Dans celui de Blâmont, où le nombre des prêtres abdicataires finit par atteindre 49 en thermidor, l'agent national prétendait que la religion s'oubliait, que les « préjugés » se perdaient dans les campagnes : pourtant, la Société populaire et le Comité de surveillance de Blâmont constataient encore en floréal que beaucoup de citoyens affectaient de porter leurs habits les plus beaux les « ci-devant dimanches » et de se couvrir de « haillons » les décadis (*). Au vrai, tout semblait favoriser la déchristianisation. Outre 7 religieux sans emploi ni pension (**), 27 ex-religieuses ou converses, 6 anciens lais ou ermites et un organiste - tous tranquilles ou âgés et pauvres -, il ne restait que 5 ecclésiastiques non démissionnaires, sur lesquels 3 avaient cessé toutes fonctions et un s'était marié à Thionville ; le cinquième (***), personnage d'une conduite privée et publique immorale, avait été incarcéré pour propagande fanatique et exercice illégal du culte. Des 49 abdicataires, 6 (****) avaient été « exilés » à Dijon par le représentant Lacoste, sur une plainte de l'agent national de Sarrebourg, Anselme Jordy (*****) ; pour un septième, Uriot, de Frémonville, inscrit par suite d'un lapsus, l'Administration du district avait sursis au transfert ; un huitième, Verniory, de Gondrexange - si aimé de tous ses paroissiens qu'ils menaçaient de noyer son confrère Demange, de Herzing, en qui ils soupçonnaient à tort son dénonciateur - s'était mis à la recherche de Lacoste, à Metz et à Strasbourg, et échappait momentanément à la relégation. Fort mécontente de l'intempestive intervention de Jordy qui laissait planer un doute sur sa vigilance, plus occupée -disait-elle - des intérêts généraux de la République et de l'exécution des réquisitions que de misérables querelles théologiques, convaincue de l'innocence et du patriotisme des six exilés, l'Administration du district prit vigoureusement leur défense auprès de Lacoste. Eux-mêmes, par la plume de l'un d'eux, Kippeurt, envoyèrent de Dijon protestations sur protestations, réclamèrent justice et firent certifier leur bonne conduite par la municipalité de leur nouvelle résidence.

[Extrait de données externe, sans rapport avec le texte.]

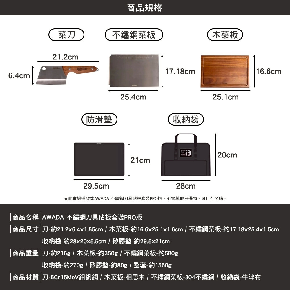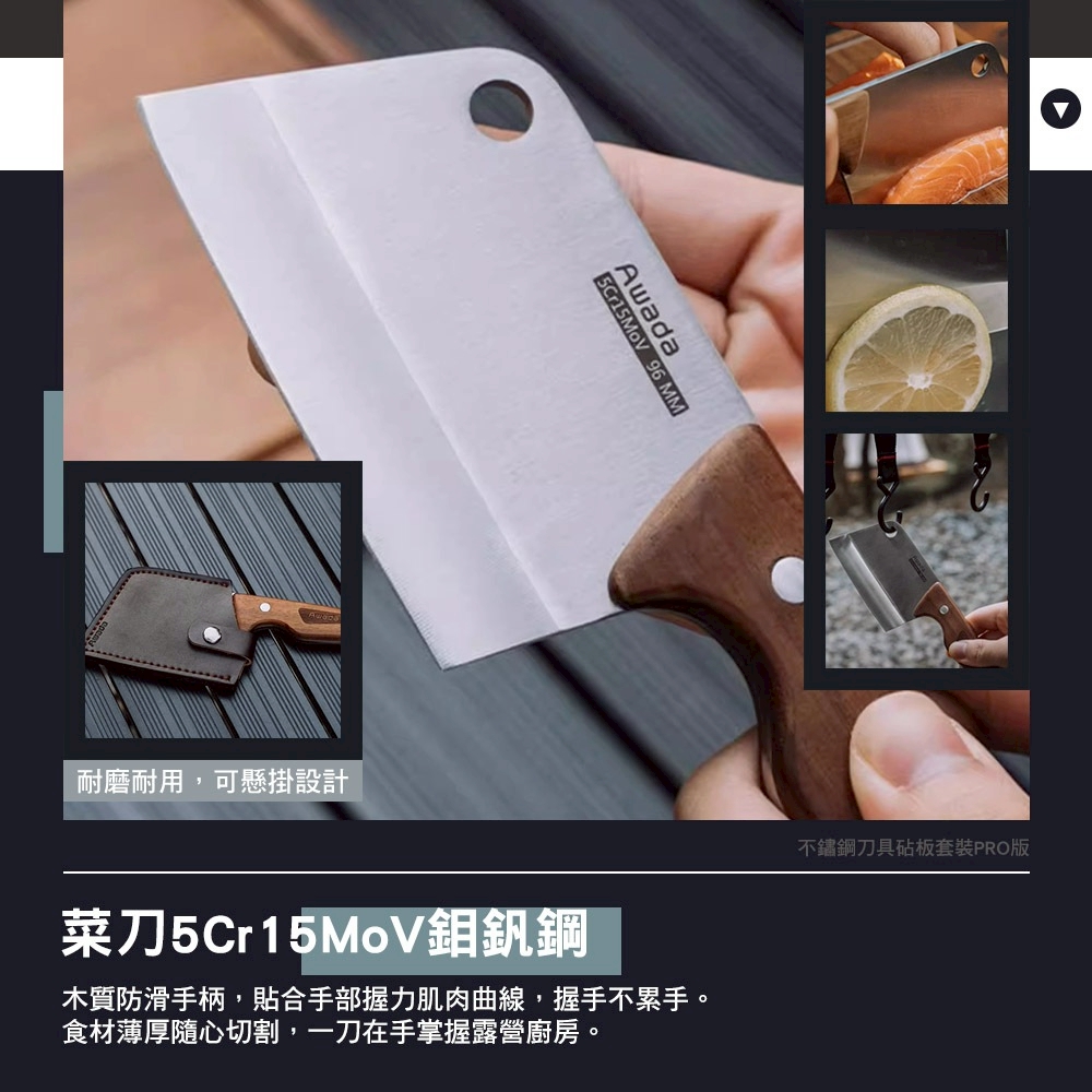【AWADA】不鏽鋼刀具砧板套裝PRO版

(*) ADM, L 3158, L 3162. A Ogéviller, l'agent J.-F. Cuny avait du mal à détruire les objets « ennétophe et enferre » de la « superstissions » (ADM, L 604)
(**) Dont Saintignon, général des chanoines réguliers, paralysé.

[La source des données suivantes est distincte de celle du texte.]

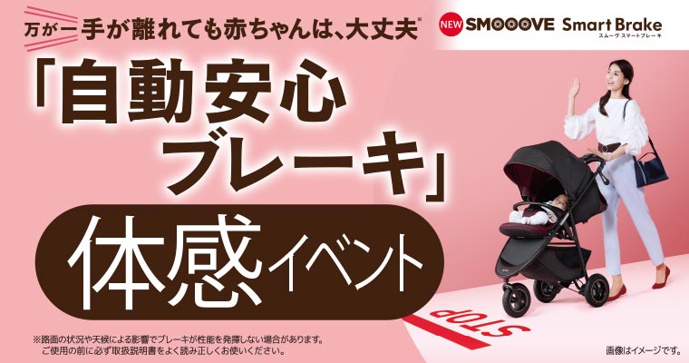 万が一、手が離れても自動的に車輪がロックされ、勝手にベビーカーが動きだすのを防ぐのでママも安心しておでかけできます。その自動安心ブレーキを体感できるイベントを開催いたします!

(***) Sans doute Hubert Grody, de Reclonville.
(****) Jean-Antoine Kippeurt, François-Alexis David, Nicolas Cristallin, J.-B. Gabriel, Charles-Gaspard Laurent et François Claudon (ADM, L 744)
(*****) [...] ADM, L 611, L 621, L 623. L'agent national de Blâmont adressa de vifs reproches à son « frère et collègue » de Sarrebourg, qui aurait dû l'informer avant de porter ses accusations au représentant du peuple. Il « paraît avoir du temps de reste pour s'occuper de théologie », écrivait-il encore à Lacoste lui-même le 26 avril [1794]. Jordy répliqua bientôt qu'il pensait son collègue informé de la conduite de ces prêtres et qu'il avait cru prévenir son intention en les signalant à Lacoste dès qu'il avait vu celui-ci. La conduite de Jordy n'était pas très franche, quoi qu'il en dit : aux 8 curés exilés par Lacoste, il en avait ajouté 2 autres, de sa propre main, sur le texte de l'arrêté (ADM, L 547).

[p. 453]
[
Concernant les fêtes de l'Etre Suprême], sur Blâmont, ADM, L 610 et L 624, 29 prairial. Dans cette dernière ville, Descolin, juge au tribunal de district, composa une « Prière à l'Etre Suprême » (ADM, L 622).